The devastating impact of the coronavirus on the euro zone economy abated a little this month as some government-imposed lockdown measures introduced to contain the spread of the virus were eased, a survey showed. 

Although cases of the virus  are still being reported, countries such as Germany and France have started to reopen parts of their economies. 

Having crashed to what was by far its lowest reading in the survey's nearly 22-year history last month, IHS Markit's Flash Composite Purchasing Managers' Index, seen as a good gauge of economic health, recovered to 30.5 from April's 13.6. 

But while that was much better than the median expectation of 25 in a Reuters poll, it was still a long way from the 50 mark separating growth from contraction. 

"The euro zone saw a further collapse of business activity in May but the survey data at least brought reassuring signs that the downturn likely bottomed out in April," said Chris Williamson, chief business economist at IHS Markit. 

"Second-quarter GDP is still likely to fall at an unprecedented rate, down by around 10% compared to the first quarter.

"But the rise in the PMI adds to expectations that the downturn should continue to moderate as lockdown restrictions are further lifted heading into the summer," he added. 

A Reuters poll last week forecast an 11.3% contraction this quarter. 

With citizens largely told to stay home, demand remained weak and the new business index came in at 28.4, up from April's record low of 13.6.

The ongoing slump comes despite the European Central Bank pledging to buy more than €1 trillion in assets this year and governments outlining hundreds of billions in spending plans to support businesses and households. 

There was an improvement in the battered services sector, which has borne the brunt of lockdown measures.

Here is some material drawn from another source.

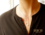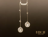 Collier dit "négligé" en or blanc 750 millièmes, composé d'une forme arquée sertie de diamants taille rose sertis par des grains. À cette forme sont suspendues deux fils couteaux articulés de longueurs différentes et ornées de deux diamants pour l'une et d'un pour l'autre, sertis en clos. Au bout de ces deux tiges sont sertis deux diamants taille ancienne d'environ 0,45 carat. Pendentif sur chaîne d'origine, fine et aux maillons de forme Art Déco.

The flash PMI for the bloc's dominant service industry rose to 28.7 from 12, exceeding expectations in a Reuters poll for 25. 

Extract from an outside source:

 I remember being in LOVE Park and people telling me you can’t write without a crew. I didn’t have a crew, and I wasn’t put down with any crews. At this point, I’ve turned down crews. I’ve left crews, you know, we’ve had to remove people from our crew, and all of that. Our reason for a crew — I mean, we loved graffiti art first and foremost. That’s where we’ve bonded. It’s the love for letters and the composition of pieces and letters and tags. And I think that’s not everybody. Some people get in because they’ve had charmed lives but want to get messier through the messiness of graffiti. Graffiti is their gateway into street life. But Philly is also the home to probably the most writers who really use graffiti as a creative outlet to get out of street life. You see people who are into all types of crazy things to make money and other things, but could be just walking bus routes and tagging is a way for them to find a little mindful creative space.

Meanwhile, a manufacturing PMI rose to 39.5 from 33.4, beating expectations for 38. An index measuring output almost doubled to 35.4 from 18.1. 

Services firms cut prices for a third month, possibly giving the ECB room to offer more support. The output prices index remained sub-50 at 43 compared to last month's 40.2. 

With lockdowns easing - and infection rates in the region falling - factory purchasing managers were less pessimistic. The manufacturing future output index climbed to 45 from 36.6.